Gareth Branwyn is a freelancer writer and the former Editorial Director of Maker Media. He is the author or editor of a dozen books on technology, DIY, and geek culture, including the first book about the web (Mosaic Quick Tour) and the Absolute Beginner’s Guide to Building Robots. He is currently working on a best-of collection of his writing, called Borg Like Me.


Related

Comments

  1. pmjett says:

    I completely agree about using a desoldering iron. For some reason (at least around the techs I’ve seen) they seem to be looked at with disdain, as if you are cheating. I find it has many plusses, one of which is the desoldering iron can be used with one hand, allowing the other to wiggle components, hold the circuit board, etc. They need not be expensive- I’ve been using a $18 one for years.

  2. rallen says:

    when working in many shops, especially aerospace, medical equipment, or high $ industrial test equipment. I’ve used many desoldering irons (like the ones with the desoldering bulb) where the bulb was replaced with a rubber-stoppered glass tube with cotton filter or copper scrubby filter, and vacuum was supplied by a air-line powered venturi with a foot switch. The only complaint I had about them was that the other techs would gunk it all up and never clean it!

  3. Gareth Branwyn says:

    It really is weird, but I too have detected a geek prejudice against desoldering irons. Maybe it’s just the idea of a specialty tool that does basically the same thing that a regular iron can do seems silly to some people? But they don’t cost that much, and if you do a lot of desoldering, I’m sure it comes in really handy.

    1. pmjett says:

      There was a time when I got all of my components from desoldering junked or scavenged boards. After working through a couple of large circuit boards it becomes obvious that the “unitasker” desoldering iron can outrun anyone with an iron and a solder sucker/braid/etc. It might do one thing, but it does it efficiently!
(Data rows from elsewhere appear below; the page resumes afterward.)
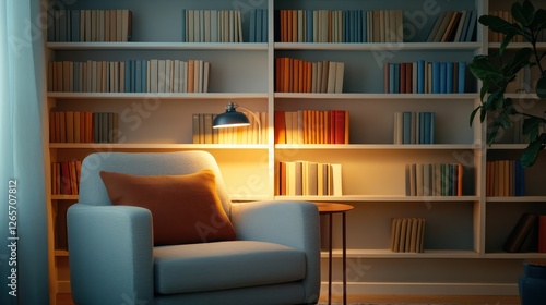 A cozy reading nook featuring a comfortable chair, warm lighting, and a bookshelf filled with colorful books, creating an inviting atmosphere for relaxation.
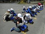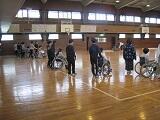 総合的な学習の時間に6年生が学級ごとに体育館で車椅子体験を行いました。
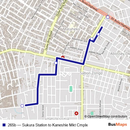 Click here to view the nearest 265b - Sukura Station to Kaneshie Mkt Cmplx bus stop.
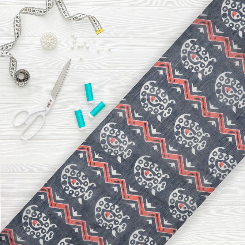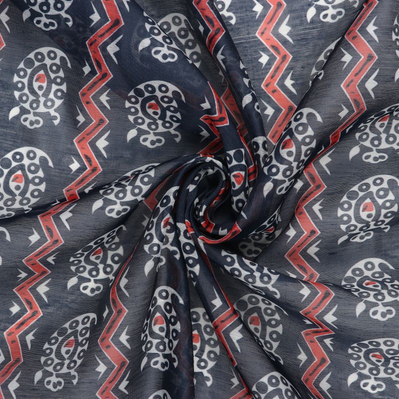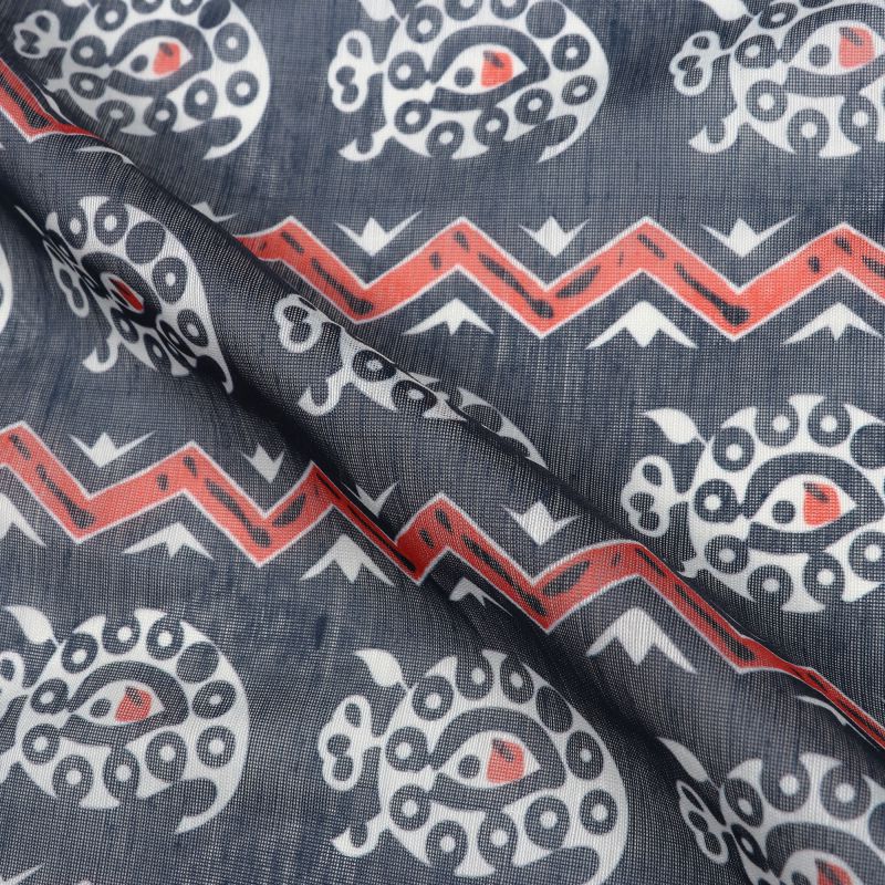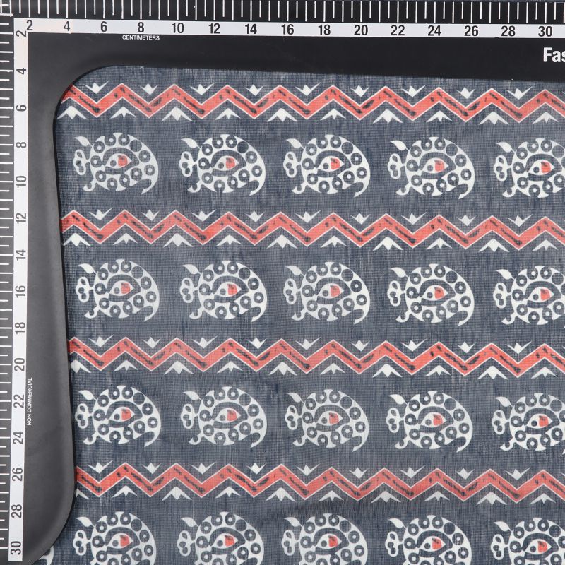 Red And Black Paisley Pattern Digital Print Chanderi Fabric

    2. Collin Cunningham says:

      I suppose it’s the idea of having another powered hand tool (+ related tips, stand, &footprint) @ the workbench that’s kept me away from desoldering irons thus far.
      Certainly if I did more scavenging from boards, I’d have picked one up by now

  4. Dustbuster7000 says:

    Does anyone know why soldering irons are always so long? I guess it makes sense to have your hands and fingers further from the hot tip for safety reasons, but sometime I wish my hand was closer to the work for better control. It seems like while the tips vary a fair but, the barrel is always 3 or more inches long. Is it to provide thermal mass so the iron has a stable temperature? Anyone?

  5. Tim says:

    I found a great desoldering iron on MPJA, it’s like $7 and works great. Just be sure to read the instructions when you clean it, I of ruined one by not reading them. It’s available here: http://www.mpja.com/prodinfo.asp?number=16922+TL
    They are Out of Stock at this time.

  6. Russell Nash says:

    I just picked up some pot scrubbers that look exactly the same, but are made of stainless Steel. I’m I going to wreck anything or get any nasty surprises using this?

    1. Becky Stern says:

      I’d imagine it could possibly scrape up your soldering tip, since that’s made of steel too (brass is softer than steel and won’t scratch it as readily). Beyond that, perhaps the solder bits might not fall off as easily once they’re cool, since solder seems to “stick” better to steel than brass, but I dunno if stainless reacts differently. Try it and let us know!

      1. Russell Nash says:

        It seems to work fine. I haven’t used one of these before so I don’t really have anything to compare it to. It works a lot better then the sponge or sticking it in flux.